Repeat, exactly and with no pictures, the lines that run from the beginning of the entries through the line containing "let jsme čekali".

(Records drawn from a dataset)
------------------------------------

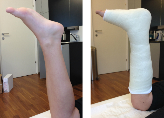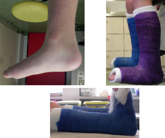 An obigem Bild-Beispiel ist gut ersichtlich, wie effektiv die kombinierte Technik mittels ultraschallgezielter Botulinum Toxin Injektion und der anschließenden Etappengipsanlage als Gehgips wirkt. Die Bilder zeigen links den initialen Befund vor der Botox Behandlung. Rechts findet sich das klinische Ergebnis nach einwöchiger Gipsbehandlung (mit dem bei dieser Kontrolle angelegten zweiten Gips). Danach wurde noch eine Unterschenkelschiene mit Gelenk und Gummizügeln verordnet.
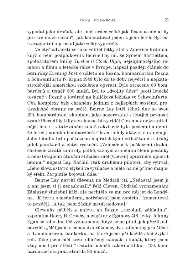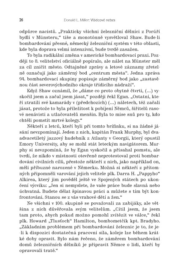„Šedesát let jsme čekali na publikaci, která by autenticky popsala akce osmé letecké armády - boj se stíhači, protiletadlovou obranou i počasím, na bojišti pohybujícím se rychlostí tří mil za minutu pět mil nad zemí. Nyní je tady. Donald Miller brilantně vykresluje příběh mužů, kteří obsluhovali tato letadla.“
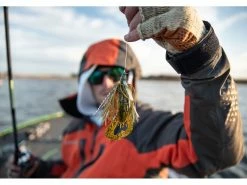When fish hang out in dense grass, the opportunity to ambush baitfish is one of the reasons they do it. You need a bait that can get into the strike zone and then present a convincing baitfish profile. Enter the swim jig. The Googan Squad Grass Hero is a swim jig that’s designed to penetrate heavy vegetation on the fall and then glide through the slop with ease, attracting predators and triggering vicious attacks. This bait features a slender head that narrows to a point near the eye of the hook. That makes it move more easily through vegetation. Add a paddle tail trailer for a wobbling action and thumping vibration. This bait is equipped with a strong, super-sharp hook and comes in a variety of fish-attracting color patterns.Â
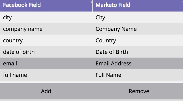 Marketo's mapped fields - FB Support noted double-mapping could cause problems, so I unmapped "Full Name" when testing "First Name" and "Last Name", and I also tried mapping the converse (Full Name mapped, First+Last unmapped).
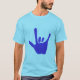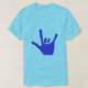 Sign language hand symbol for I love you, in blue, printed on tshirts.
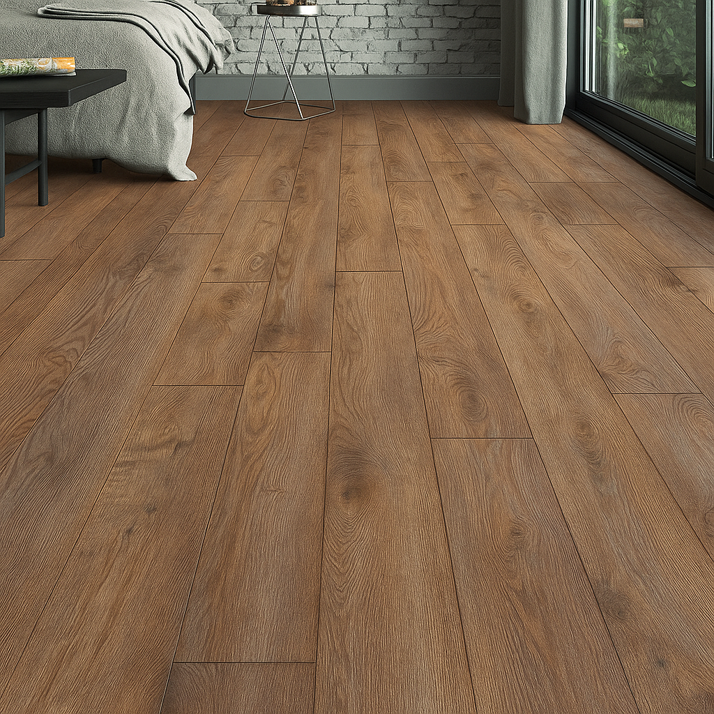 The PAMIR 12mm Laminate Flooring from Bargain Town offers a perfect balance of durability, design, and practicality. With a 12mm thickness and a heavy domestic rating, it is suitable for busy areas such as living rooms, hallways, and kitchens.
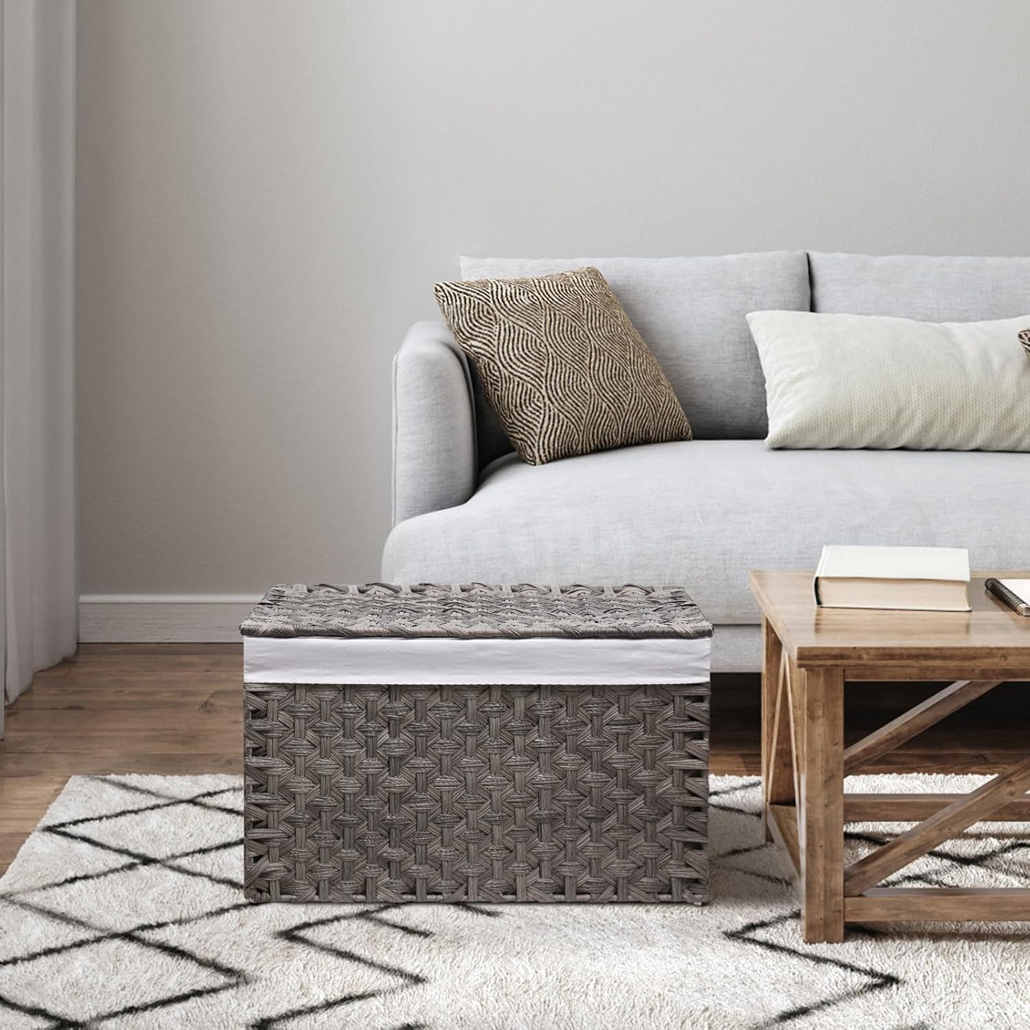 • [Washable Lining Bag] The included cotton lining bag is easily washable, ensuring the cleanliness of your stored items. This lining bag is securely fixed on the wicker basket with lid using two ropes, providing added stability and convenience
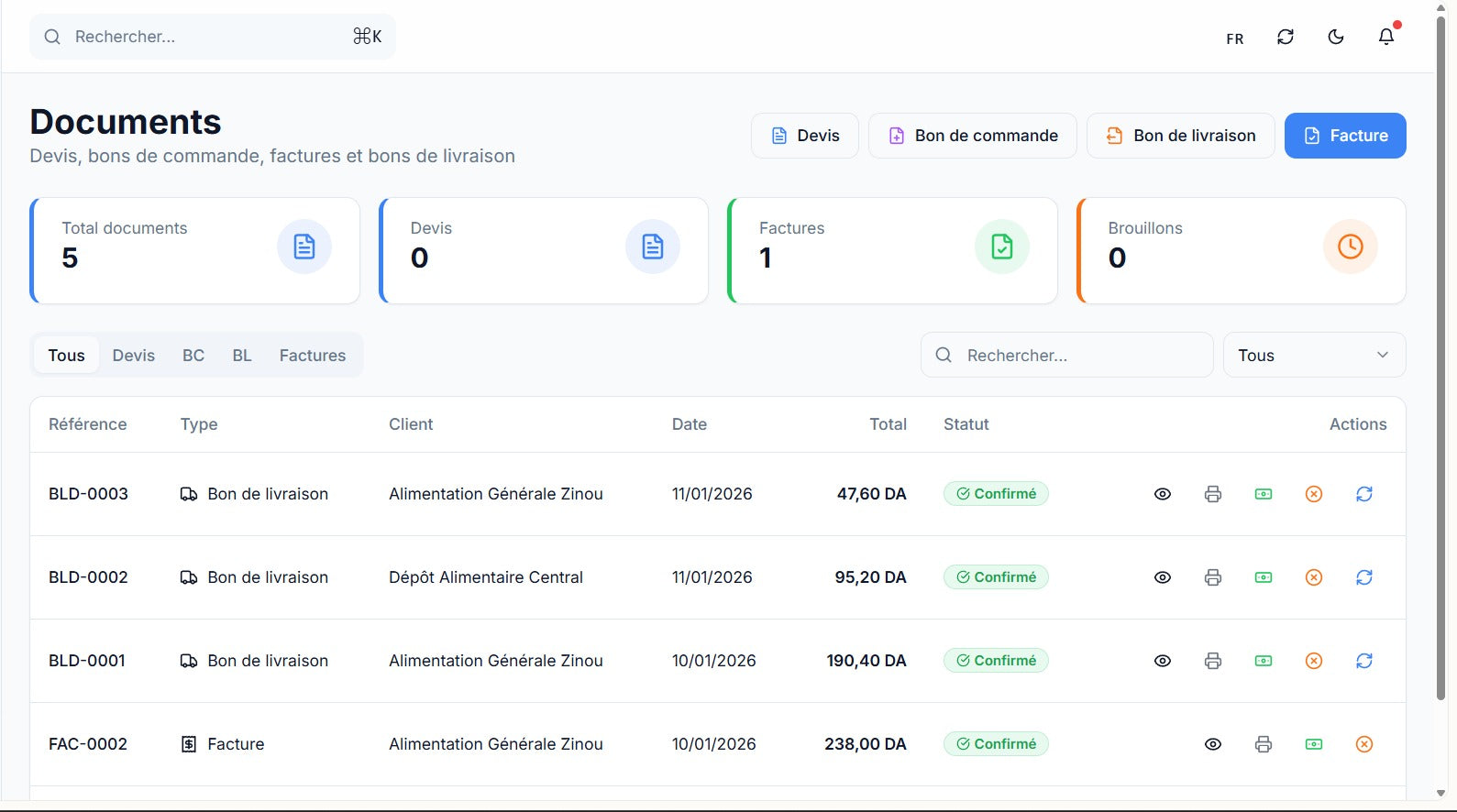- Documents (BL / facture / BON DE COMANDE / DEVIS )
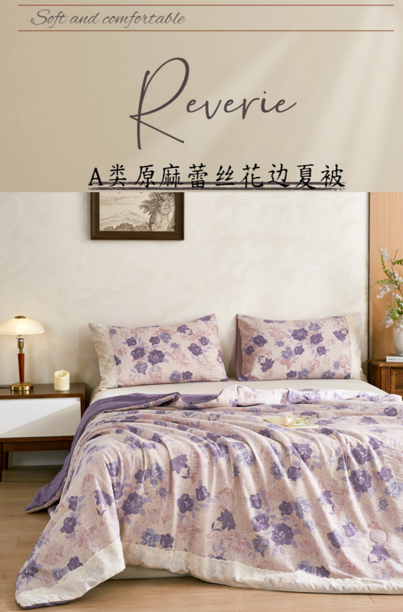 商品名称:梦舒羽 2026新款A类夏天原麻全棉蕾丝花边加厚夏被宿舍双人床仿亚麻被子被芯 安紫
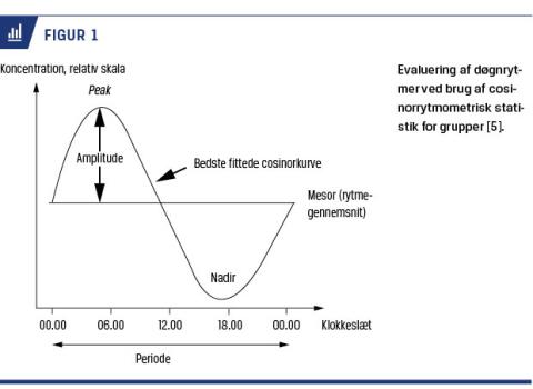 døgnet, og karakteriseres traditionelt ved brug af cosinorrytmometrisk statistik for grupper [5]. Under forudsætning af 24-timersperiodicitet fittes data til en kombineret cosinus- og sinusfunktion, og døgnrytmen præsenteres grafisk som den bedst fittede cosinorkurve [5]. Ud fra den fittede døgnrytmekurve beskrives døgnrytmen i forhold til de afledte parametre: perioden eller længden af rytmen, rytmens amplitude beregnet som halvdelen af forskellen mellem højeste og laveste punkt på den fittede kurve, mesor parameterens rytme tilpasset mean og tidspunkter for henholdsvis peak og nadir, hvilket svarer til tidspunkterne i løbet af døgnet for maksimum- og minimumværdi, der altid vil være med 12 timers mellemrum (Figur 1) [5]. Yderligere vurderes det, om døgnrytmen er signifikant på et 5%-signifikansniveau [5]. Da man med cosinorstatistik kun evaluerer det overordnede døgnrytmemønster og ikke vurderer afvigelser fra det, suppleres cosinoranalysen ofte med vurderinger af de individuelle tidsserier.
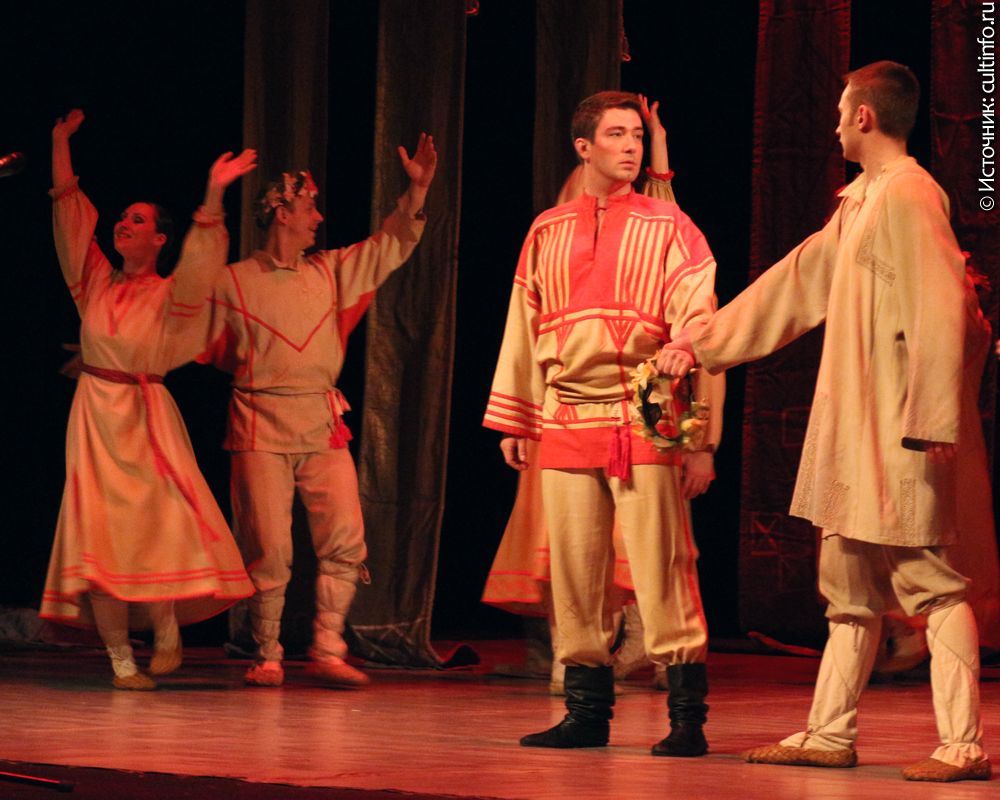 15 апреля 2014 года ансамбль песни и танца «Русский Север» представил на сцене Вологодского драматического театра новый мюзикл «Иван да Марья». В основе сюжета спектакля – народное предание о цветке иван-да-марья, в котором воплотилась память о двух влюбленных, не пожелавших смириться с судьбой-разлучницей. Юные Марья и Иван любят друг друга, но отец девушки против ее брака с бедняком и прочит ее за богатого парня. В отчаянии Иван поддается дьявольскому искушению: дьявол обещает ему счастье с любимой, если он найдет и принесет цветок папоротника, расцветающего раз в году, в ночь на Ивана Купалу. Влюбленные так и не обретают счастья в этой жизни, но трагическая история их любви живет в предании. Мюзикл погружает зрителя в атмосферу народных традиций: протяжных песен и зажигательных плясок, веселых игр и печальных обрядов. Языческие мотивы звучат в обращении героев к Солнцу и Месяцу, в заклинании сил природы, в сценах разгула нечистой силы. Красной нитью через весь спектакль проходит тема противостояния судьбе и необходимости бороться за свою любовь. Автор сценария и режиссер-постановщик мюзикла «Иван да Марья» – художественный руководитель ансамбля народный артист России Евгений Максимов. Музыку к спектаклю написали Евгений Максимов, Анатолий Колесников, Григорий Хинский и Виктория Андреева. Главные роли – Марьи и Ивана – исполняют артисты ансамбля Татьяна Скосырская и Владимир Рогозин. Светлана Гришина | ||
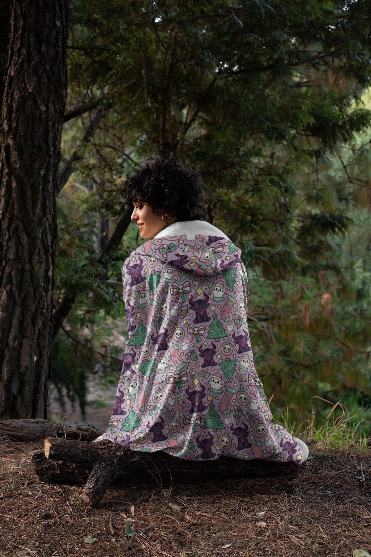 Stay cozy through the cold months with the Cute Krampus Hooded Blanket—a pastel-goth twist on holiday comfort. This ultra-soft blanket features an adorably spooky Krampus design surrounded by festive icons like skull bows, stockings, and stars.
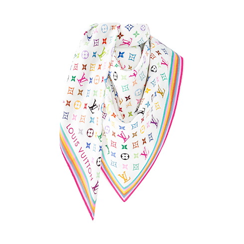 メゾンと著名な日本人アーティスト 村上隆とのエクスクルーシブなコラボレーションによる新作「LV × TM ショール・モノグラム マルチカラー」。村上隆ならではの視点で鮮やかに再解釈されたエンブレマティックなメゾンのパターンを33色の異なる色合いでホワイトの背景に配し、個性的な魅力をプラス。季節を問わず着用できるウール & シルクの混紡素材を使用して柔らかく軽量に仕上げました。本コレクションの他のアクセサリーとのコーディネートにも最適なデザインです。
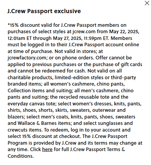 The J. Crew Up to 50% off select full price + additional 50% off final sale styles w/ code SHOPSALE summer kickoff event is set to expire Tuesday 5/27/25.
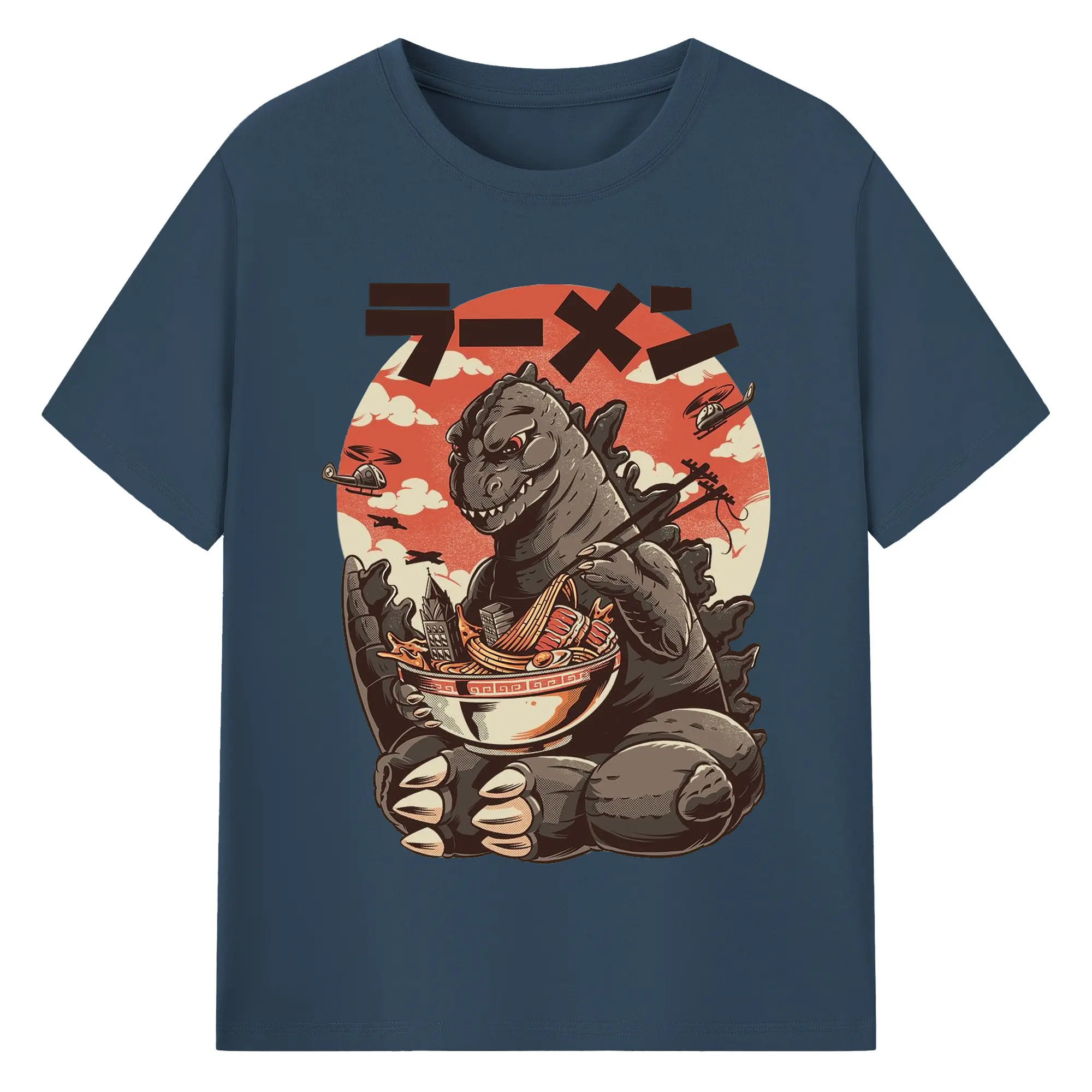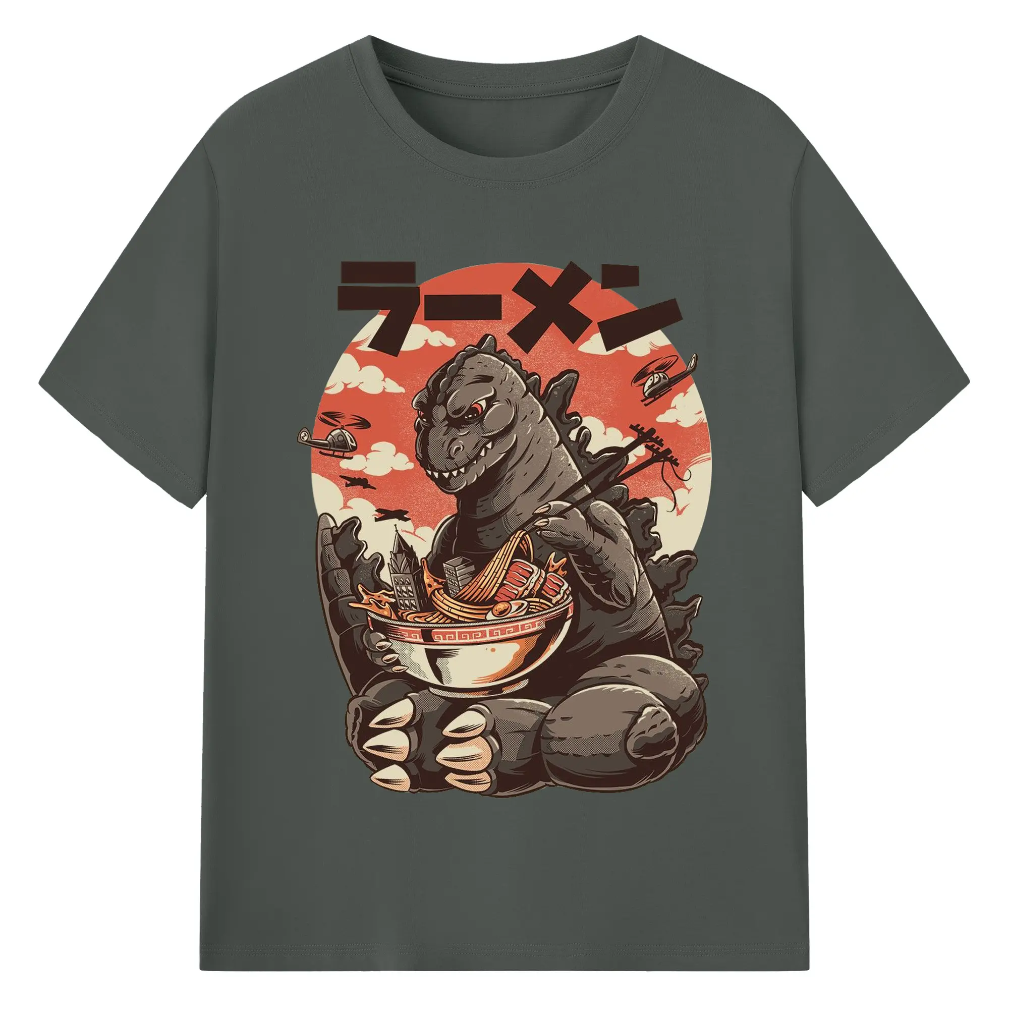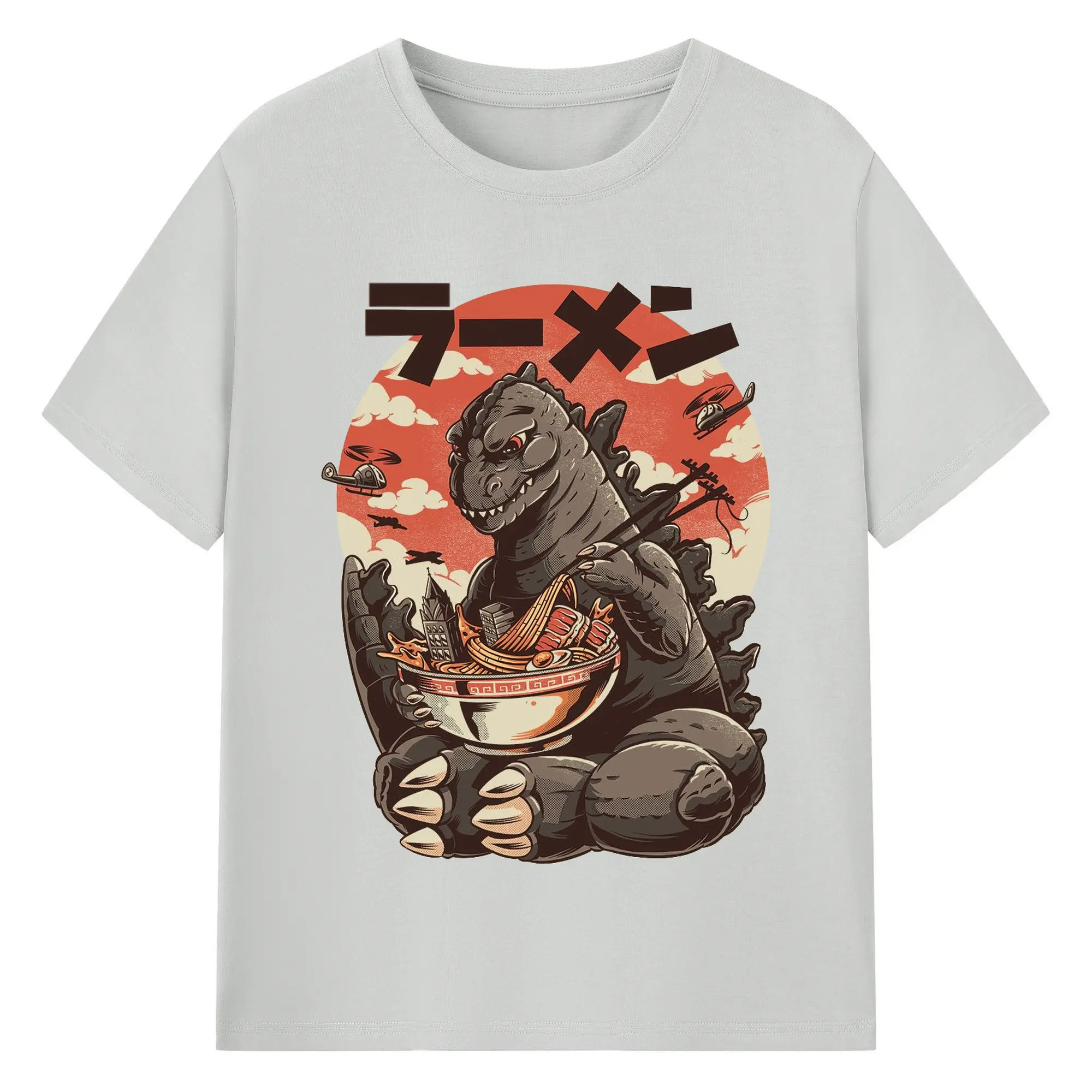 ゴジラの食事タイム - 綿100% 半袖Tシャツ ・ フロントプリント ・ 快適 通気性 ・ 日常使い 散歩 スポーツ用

------------------------------------

> _Output for this task_:
 An obigem Bild-Beispiel ist gut ersichtlich, wie effektiv die kombinierte Technik mittels ultraschallgezielter Botulinum Toxin Injektion und der anschließenden Etappengipsanlage als Gehgips wirkt. Die Bilder zeigen links den initialen Befund vor der Botox Behandlung. Rechts findet sich das klinische Ergebnis nach einwöchiger Gipsbehandlung (mit dem bei dieser Kontrolle angelegten zweiten Gips). Danach wurde noch eine Unterschenkelschiene mit Gelenk und Gummizügeln verordnet.
„Šedesát let jsme čekali na publikaci, která by autenticky popsala akce osmé letecké armády - boj se stíhači, protiletadlovou obranou i počasím, na bojišti pohybujícím se rychlostí tří mil za minutu pět mil nad zemí. Nyní je tady. Donald Miller brilantně vykresluje příběh mužů, kteří obsluhovali tato letadla.“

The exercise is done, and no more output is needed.